If kids refuse to test they should not be allowed back in school. The bigger picture of the school’s population is at risk here.
We tried to send a child with a hacking cough and temperature home on Monday. Parent wouldn't collect until 3.30. Told the head they don't believe in Covid so won't test. We asked them to keep him home. He's been in every day, and every day we keep him away from everyone else because the parents refuse to collect him or test him. We can't lock the doors to keep him out.
CallmeAngelina · 10/12/2020 21:12

"@CallmeAngelina why the head thud."

Because we've been over this countless times in the last few months. It becomes very tiring, on top of everything else, having people constantly querying the experiences teachers are LIVING EVERY DAY in crowded classrooms up and down the UK.
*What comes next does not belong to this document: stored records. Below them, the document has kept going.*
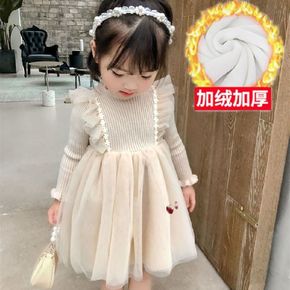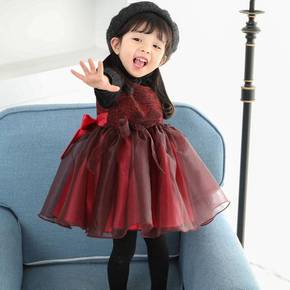 女童加绒连衣裙秋冬新款红色仙女裙钢琴演出服洋气冬季...
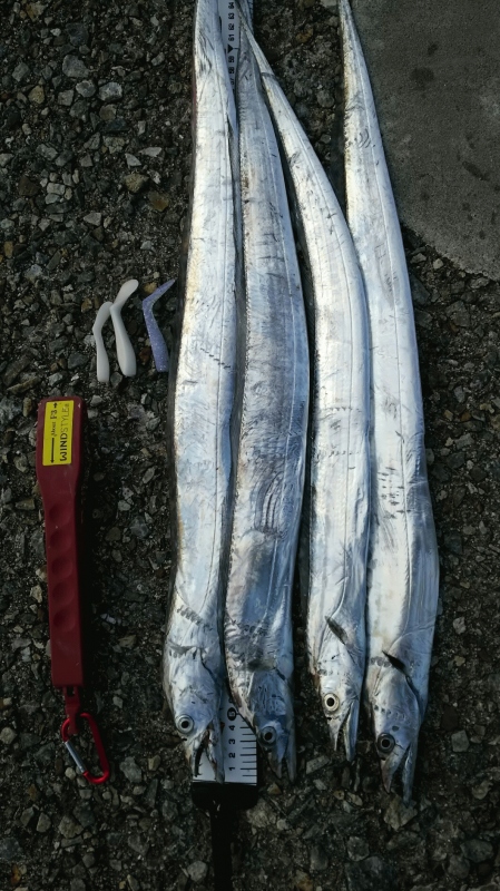 しつこくタチウオを探し、再度、パールホワイトで遠投すると、
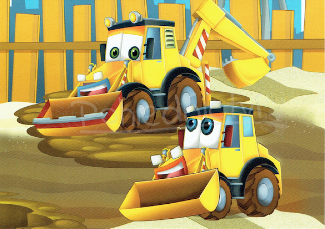 - Pohlednice Malované pracovní auta, bagr a traktor
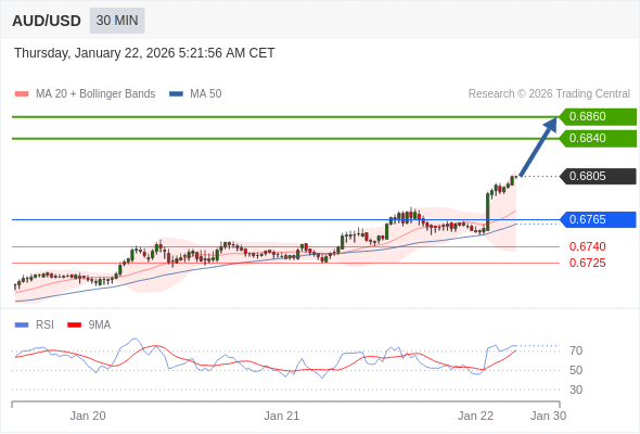 在 0.6765 之上,看涨,目标价位为 0.6840 ,然后为 0.6860 。

Chestnutacorns123 · 10/12/2020 21:14

@itsgettingweird was that not other educational settings (universities?), then healthcare and then teaching and education? If so, then without an exact definition of each category you can't reach that conclusion. I'm not saying that schools aren't a source of transmission far from it, they probably are. Any large organisation is likely to be a source of transmission as infection rate is likely related to be related to the number of social Interactions. Schools have many. My argument is that people are showing graphs but not thinking what the data means and if it can be explained differently.

noblegiraffe · 10/12/2020 21:16

Tbf Ange if you haven't been paying attention, the difference between the graph showing number of cases identified by testing people who apply for a test due to having symptoms being a totally fucking useless way of assessing the actual infection rate in kids who are often asymptomatic or don't present with the three main symptoms required to trigger a test may have passed you by.

The random sampling done by the ONS which picks up asymptomatic cases is a much better way of seeing what's going on in schools.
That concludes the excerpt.